For various reasons this dataset has been disregarded, but as I've come to learn more about MS I have questioned why. This file tries to evaluate data quality in a structured way.
SBP = St Göran Bipolar Project. A longitudinal naturalistic cohort.
We have seen repeatedly that SBP-sthlm and SBP-gbg are not comparable in terms of both clinic and across various biological measures. In MS, there are some parameters that deviate:
To repeat - in total there are 160 samples over 16 sets (including reference samples). These are pre-fractionated. Included in the protocol are some Hydrocephalus samples and some pool channels for quality control.
BD: Bipolar Disorder
HC: Healthy Control
Pool: Pool containing a fraction of all samples
H: Hydrocephalus, several samples from the same individual with Hydrocephlaus
In the normalization protocol I look at ANOVA tests for each normalization protocol. The test plots p-value histogram for each assembled protein (yep, protein!) and on and TMTch. Low p-values (indicating true bias) aggregate in TMTch, and no normalization protocol handles this.
Clear channel bias already in the
nonorm data which is just median centered abundance ratios. This was not seen in the SBP-sthlm dataset.
Also load some data straight into linux
Original file from PD2.2 has metadata, abundance ratios and abundances (and more) - define selections:
In the normalization protocol I filter out 1) peptides related to non-unique master proteins, and 2) peptides with <50% detection rate
The output file from PD 2.2 contains some metadate. Let's start by expling that:
All this metadata is by peptide and not by sample, so we can probably estimate some general trends about idenfication reliability but not about deviating samples/sets.
Not quite sure how to interpret this but it looks like good statistics? This is only for peptide identification(?)
Is there any other relevant information to extract from this data?
The total number of peptides is much higher than what can be expected to be found in any given set (due to oversampling). So we expect to see lots of NA's in each set, but this should not deviate across sets!
Here, I just look at frequencies of missing datapoints. Starting simple with global NA-rate!
Okay, so 51% NA's globally. To put that number into context I guess you'd have to compare different datasets...
These are NA's per channel, reported by set. The input is the filtered abundance data (unique peptides with >50% detection rate), a total of 7233 peptides.
Note the Y-axes - set 5 & 7 have much more missing datapoints! Set 4 & 9 too
There is also a general trend of more missing data in 126 & 127N (e.g. set 6), which adds up when you look at it globally.
Are the ranges differing in any way?
The current hypothesis is that there is some pre-anlytical issue with TMT 126/127 leading to non-complete peptide binding. This would from my understanding result in NA's but not necessarily affect quantification of labelled peptides, or skew distributions. Let's look at it!

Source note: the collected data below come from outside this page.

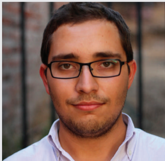
Por: MATT ERLANDSEN

Ahora que empezamos un nuevo año en el calendario judío, ¿cuál va a ser el propósito con que realmente nos comprometemos? Yo, por ejemplo, dejaré de consumir botellas plásticas no retornables.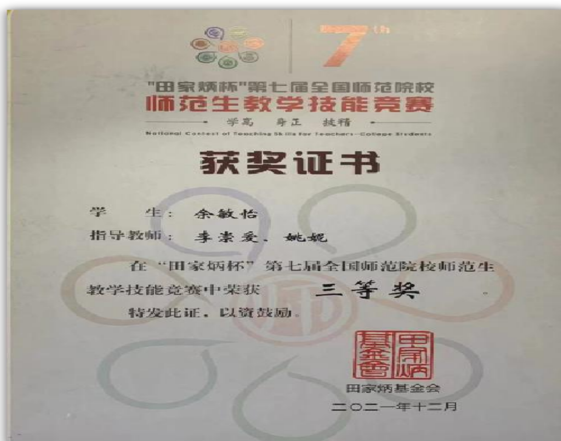
图四 马克思主义学院学生师范教学技能竞赛部分获奖展示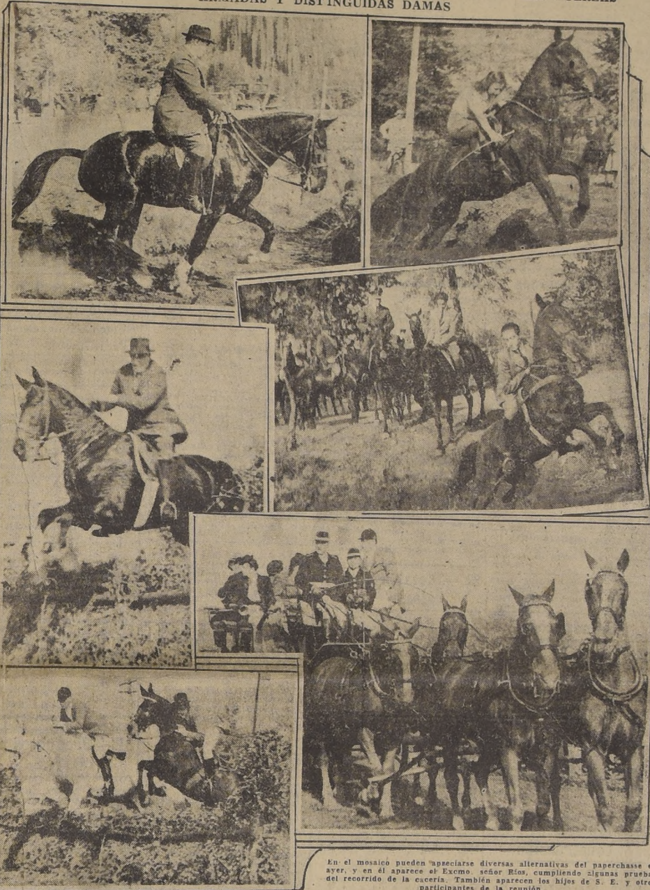
En el mosaico pueden apreciarse diversas alternativas del paperchase de ayer, y en él aparece el Excmo. señor Ríos, cumpliendo algunas pruebas del recorrido de la cacería. También aparecen los hijos de S. E. y otros participantes de la reunión.

PARTICIPARON ALREDEDOR DE 350 JINETES Y CONCURRIERON MIEMBROS DEL CUERPO DIPLOMATICO, ALTOS FUNCIONARIOS DEL GOBIERNO, MIEMBROS DE LAS FUERZAS ARMADAS Y DISTINGUIDAS DAMAS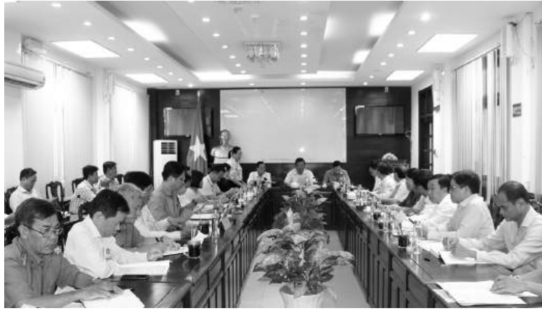
Quang cảnh cuộc họp.

Tại cuộc họp, các đại biểu đã xem xét, thảo luận một số tờ trình, như: Tờ trình số 137/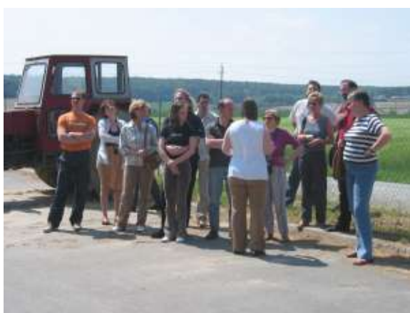
Besuch im Biomasse Fernwärmewerk Güßing am 22.05.2004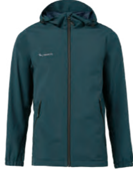
7591 松綠色 防水透氣輕薄風衣 $2880 (未稅) 100% POLYESTER 抗紫外線 附收納袋 ▶ 形象頁請見 P54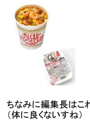
ちなみに編集長はこれ(体に良くないすね)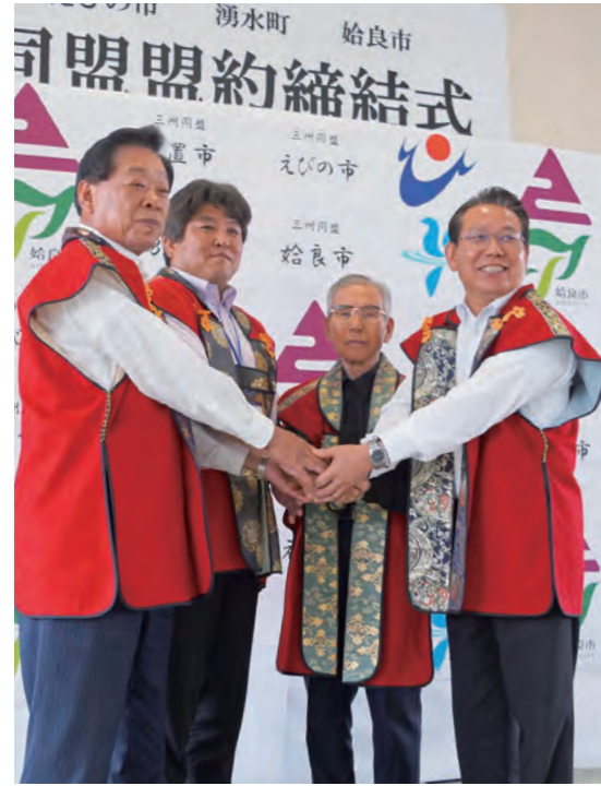
盟約締結後、4市町の首長が手を合わせました

【問い合わせ】 ☎0570-090-110 【市民環境課生活環境係】 ☎35-1111 (内線286)

All channels follow the same general distribution, but some samples (e.g. 6:127N) deviate from the others within the set.
SUMMARY: No overall trend seen for set 5 and 7, and not for ch 126/127 either.
Here, I've used umap (a non-supervised dimensionality reduction algorithm) to try to visualize any clusteres in the data. The input is abundances (not controlled for ch131 intensity) so we expect to see some grouping if the intensity varies between sets. This algorithm expects complete data w/o missing, so I filtered out non-completely covered peptides.
The plot looks weird when rendered but the key point is that some sets don't really cluster but e.g. in the top left there are 2-3 sets with samples really close together (set 4,5,7). Set 9 is also in there but hard to see in this quick render.
SUMMARY: Again, set 5 and 7 (and 4 & 9) deviate!
In the common protocol reference samples are only in one channel (TMT131) but in this study 5 additional reference samples were spread across the protocol. There were also a group of identical hydrocephalus samples spread in the protocol.
Set 7 again with much more NA's again!
Overall distribution seems good but possibly less tight in 4:127C, but since it's just one sample it is hard to tell if this is because of TMT 127 or just a random event.
SUMMARY: Quite a few outliers in some sets, but the genereal trend is a tight normal distribution around 0 (=good!)
Same thing with Hydrocephalus samples: So 17 identical samples referenced to TMT 131 per set.
NA's follow the general trend above (set 5 & 7...).
SUMMARY: No certain shift/skewness in the distribution in TMT 126/127.
So, there are some issues with missing data. But how can we use the data that was quantified?